Hi there,
I've been trying around for some time now and i just don't see a solution to
my problem:
I have a table called "feiertage" ("Holidays"):;
mysql> select * from feiertage;explain feiertage;
+------------+
| datum |
+------------+
| 2001-12-24 |
| 2001-12-25 |
| 2001-12-26 |
| 2002-01-01 |
+------------+
4 rows in set (0.81 sec)
+-------+------+------+-----+------------+-------+
| Field | Type | Null | Key | Default | Extra |
+-------+------+------+-----+------------+-------+
| datum | date | | PRI | 0000-00-00 | |
+-------+------+------+-----+------------+-------+
1 row in set (0.81 sec)
now i want to know the last date, that is not listed in that table and that
is not on a weekend and is earlier or the same than a given date:
assume 2001-12-29 is the given date, then i tried around with a loop in perl
increasing the INTERVAL.
select DATE_SUB('2001-12-29', INTERVAL 0 DAY) as tag from feiertage where
datum = DATE_SUB('2001-12-29', INTERVAL 0 DAY) or
WEEKDAY(DATE_SUB('2001-12-29', INTERVAL 0 DAY))>4;
tells me that this date is on a weekend or a holiday. that doesn't rellay
help me, what i need is a query that gives me "2001-12-28" (which is the
friday). i played around for 2 hours now but have no idea how to make it work with
just one query.
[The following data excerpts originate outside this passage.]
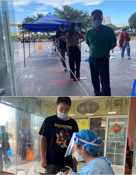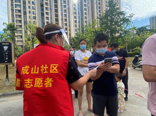在核酸檢測現(xiàn)場,成山社區(qū)居民在排隊時自動自覺地有序排隊,為核酸檢測當天維持秩序的工作人員減少了很大的負擔。經(jīng)過前面幾輪的核酸檢測采樣,社區(qū)居民對烈日下辛苦工作的社區(qū)工作人員和志愿者有了更多的理解包容。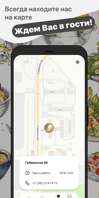Comment passer une commande dans l'application « Restauration d'entreprise » : sélectionnez les articles qui vous plaisent dans le menu, ajoutez-les au panier et accédez à l'écran de commande (en cliquant sur l'icône du panier).
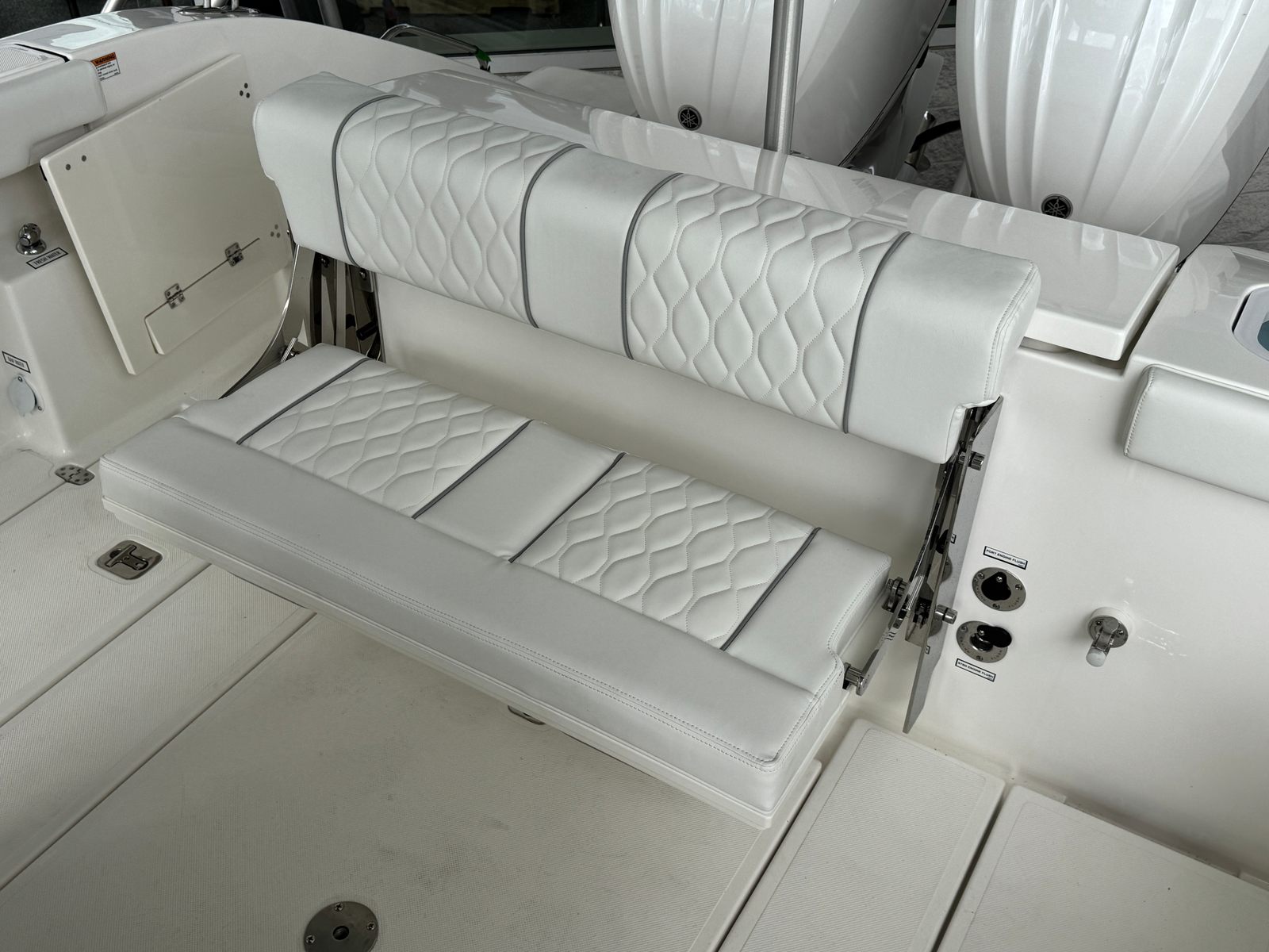 - Twin Yamaha Digital F300 V6 Offshore (Pearlescent White) w/Integrated Digital Electric Steering (DES) and Helm Master EX Digital Electronic Control (DEC) (does not include joystick control), Multifunction Display Interface and Manual Engine Flushing System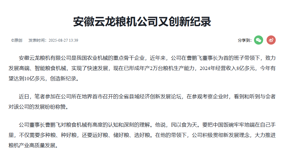 中國工業新聞網:安徽云龍糧機公司又創新紀錄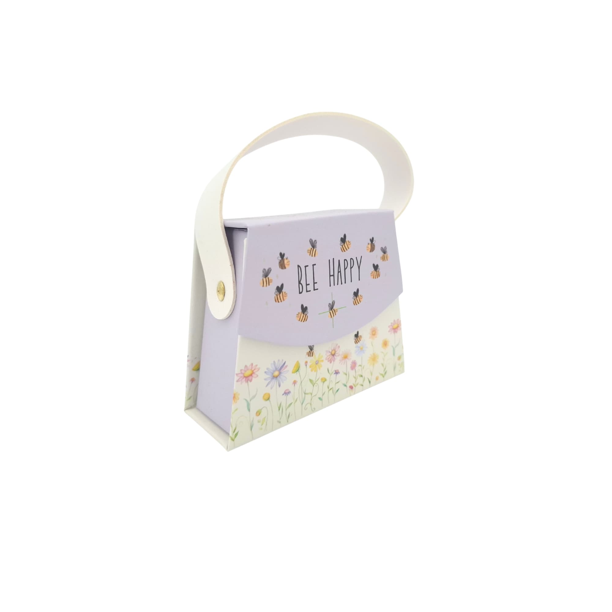 Handtaschen Geschenkverpackung mini mit Magnetverschluss und Henkel aus Kunstleder.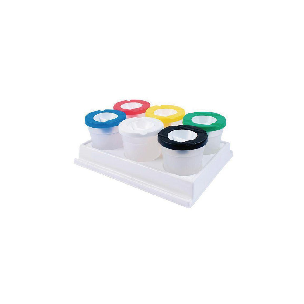 Practical brush mug for creative occasions. Smaller brush mugs that stand firmly in their stand. The smart and colourful lid allows you to easily separate your colours. Pack of 1 tray and 6 mugs. - Qty: 6 brush cups and 1 plastic tray - Dimensions brush cups Ø 78 mm, height 88 mm - Dimensions plastic tray (WxLXH): 25.5x19.5x3.5 cm - Material: PP and PE plastic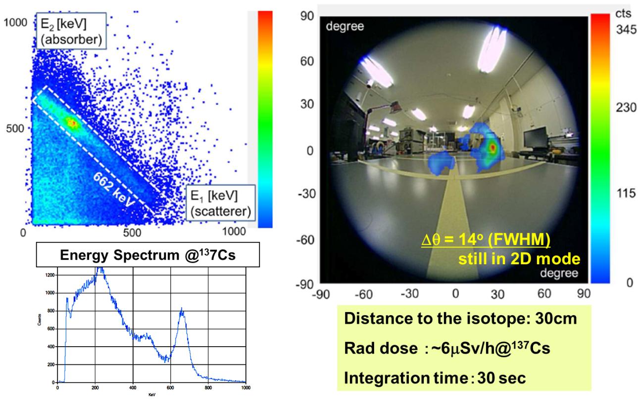 このような背景から、片岡研究室では JST先端計測技術プログラムのご支援のもと、浜松ホトニクス社と共同で革新的ガンマ線可視化装置の開発を行っています。2013年度末までに、従来技術では実現困難であった、小型軽量で携行(携帯)性に優れ、かつ十分な高感度と角度分解能を有するガンマ線可視化装置(ポータブル型コンプトンカメラ)を開発します。我々の採用する方式はコンプトンカメラですが、散乱体・吸収体ともに(半導体検出器でなく)無機シンチレータ(たとえばCe:GAGG結晶)を採用します。一般に、シンチレータは容易に厚みを稼ぐことが可能で、ガンマ線に対する感度を高めることができます。一方で、ガンマ線の反応位置が不定のため、良好な解像度を得ることが困難な問題がありました。我々は、独自の方式を用いてガンマ線の反応位置情報を3次元的に、1mmの精度で解像する手法を確立し、これをコンプトンカメラに応用することに成功しました。すなわち、シンチレータの感度を損なうことなく、解像度を10deg(FWHM)以下にまで向上することができます。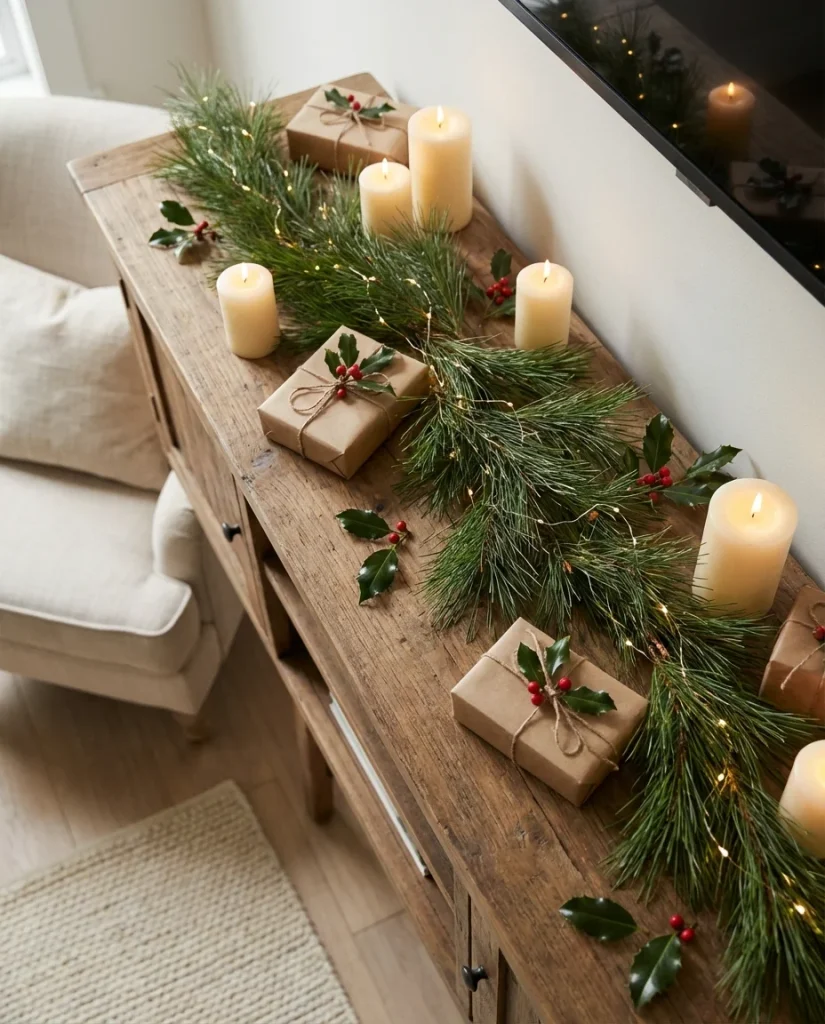 The TV console during the Christmas season deserves as much attention as the mantel—maybe more, since it’s at eye level when you’re settled on the couch. Layering evergreen garland across the surface, tucking in battery-operated fairy lights, and scattering a few matte ornaments between existing decor creates a look that’s festive without being chaotic. If your console is beneath a fireplace TV wall, the garland can cascade beautifully from console to hearth in one unified sweep.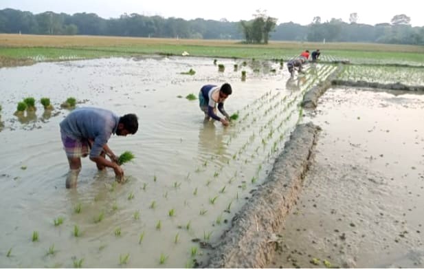 কনকনে শীত উপেক্ষা করে বোরো ধান রোপণে কৃষকরা

I could think of ways to do it with perl and loops and stuff
like that, increasing the INTERVAL until i get zero rows which would mean i
stepped backwards enough days, but then i would need another query to
actually get the date in the right form "2001-12-28" which i need. But i have still
hope there is a way without the overhead of loops and stuff...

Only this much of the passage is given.